▸ **Source information**
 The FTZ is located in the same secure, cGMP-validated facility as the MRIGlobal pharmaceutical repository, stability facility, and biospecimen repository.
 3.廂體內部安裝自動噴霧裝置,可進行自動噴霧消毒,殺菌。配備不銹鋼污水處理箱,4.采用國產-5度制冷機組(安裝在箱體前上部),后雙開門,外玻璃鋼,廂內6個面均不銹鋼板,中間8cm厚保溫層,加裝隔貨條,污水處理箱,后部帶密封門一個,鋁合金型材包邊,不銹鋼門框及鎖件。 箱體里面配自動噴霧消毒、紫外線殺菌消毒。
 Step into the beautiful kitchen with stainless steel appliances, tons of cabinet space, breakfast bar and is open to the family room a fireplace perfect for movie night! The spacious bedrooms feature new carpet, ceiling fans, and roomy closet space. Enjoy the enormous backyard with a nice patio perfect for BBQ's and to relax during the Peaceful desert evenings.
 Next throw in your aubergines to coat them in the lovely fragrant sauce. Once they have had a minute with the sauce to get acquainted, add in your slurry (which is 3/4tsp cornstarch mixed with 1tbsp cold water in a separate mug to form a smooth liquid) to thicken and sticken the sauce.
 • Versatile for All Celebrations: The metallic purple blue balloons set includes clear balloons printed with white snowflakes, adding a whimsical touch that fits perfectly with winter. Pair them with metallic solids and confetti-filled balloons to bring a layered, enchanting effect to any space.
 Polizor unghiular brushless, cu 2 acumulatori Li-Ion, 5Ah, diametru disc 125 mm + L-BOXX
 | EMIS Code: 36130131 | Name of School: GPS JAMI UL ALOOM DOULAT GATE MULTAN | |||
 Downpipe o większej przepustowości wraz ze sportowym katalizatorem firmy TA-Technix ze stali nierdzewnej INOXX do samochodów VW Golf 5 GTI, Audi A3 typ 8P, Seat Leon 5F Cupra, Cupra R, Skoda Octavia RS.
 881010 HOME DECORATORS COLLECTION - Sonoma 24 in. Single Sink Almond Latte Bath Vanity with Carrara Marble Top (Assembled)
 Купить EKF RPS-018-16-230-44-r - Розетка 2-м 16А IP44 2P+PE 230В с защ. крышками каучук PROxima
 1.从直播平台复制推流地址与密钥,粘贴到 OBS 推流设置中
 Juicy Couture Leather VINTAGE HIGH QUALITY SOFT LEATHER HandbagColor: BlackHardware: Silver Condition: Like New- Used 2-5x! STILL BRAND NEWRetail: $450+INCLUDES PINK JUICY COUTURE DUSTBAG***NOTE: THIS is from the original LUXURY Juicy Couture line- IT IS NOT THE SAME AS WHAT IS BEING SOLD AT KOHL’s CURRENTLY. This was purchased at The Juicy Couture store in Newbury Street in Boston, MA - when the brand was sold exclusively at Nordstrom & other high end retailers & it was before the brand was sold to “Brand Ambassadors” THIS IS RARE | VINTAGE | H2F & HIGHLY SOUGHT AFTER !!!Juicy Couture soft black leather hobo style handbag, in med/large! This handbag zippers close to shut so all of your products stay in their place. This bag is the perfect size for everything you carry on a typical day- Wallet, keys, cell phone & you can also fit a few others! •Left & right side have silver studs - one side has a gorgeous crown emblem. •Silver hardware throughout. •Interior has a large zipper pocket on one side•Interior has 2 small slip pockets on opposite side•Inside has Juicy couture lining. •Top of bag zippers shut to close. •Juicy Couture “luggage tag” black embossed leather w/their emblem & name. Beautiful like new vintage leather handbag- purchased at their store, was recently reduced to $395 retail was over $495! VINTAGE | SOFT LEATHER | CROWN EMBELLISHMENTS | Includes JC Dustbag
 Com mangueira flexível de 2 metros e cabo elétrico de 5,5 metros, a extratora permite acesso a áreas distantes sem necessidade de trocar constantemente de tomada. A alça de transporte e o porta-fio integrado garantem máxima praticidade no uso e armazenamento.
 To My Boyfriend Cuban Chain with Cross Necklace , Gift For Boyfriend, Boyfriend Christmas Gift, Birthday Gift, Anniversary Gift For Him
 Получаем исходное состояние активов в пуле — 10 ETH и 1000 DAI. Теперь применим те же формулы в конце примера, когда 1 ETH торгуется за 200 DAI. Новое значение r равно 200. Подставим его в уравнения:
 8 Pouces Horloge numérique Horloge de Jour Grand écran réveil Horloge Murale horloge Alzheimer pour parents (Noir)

▸ **How to complete this task**
Given the records above, restate word for word only the lines starting at the one with "Купить EKF RPS-018-16-230-44-r" and ending at the one with "1.从直播平台复制推流地址与密钥,粘贴到 OBS 推流设置中".

▸ **Answer to this task**
 Купить EKF RPS-018-16-230-44-r - Розетка 2-м 16А IP44 2P+PE 230В с защ. крышками каучук PROxima
 1.从直播平台复制推流地址与密钥,粘贴到 OBS 推流设置中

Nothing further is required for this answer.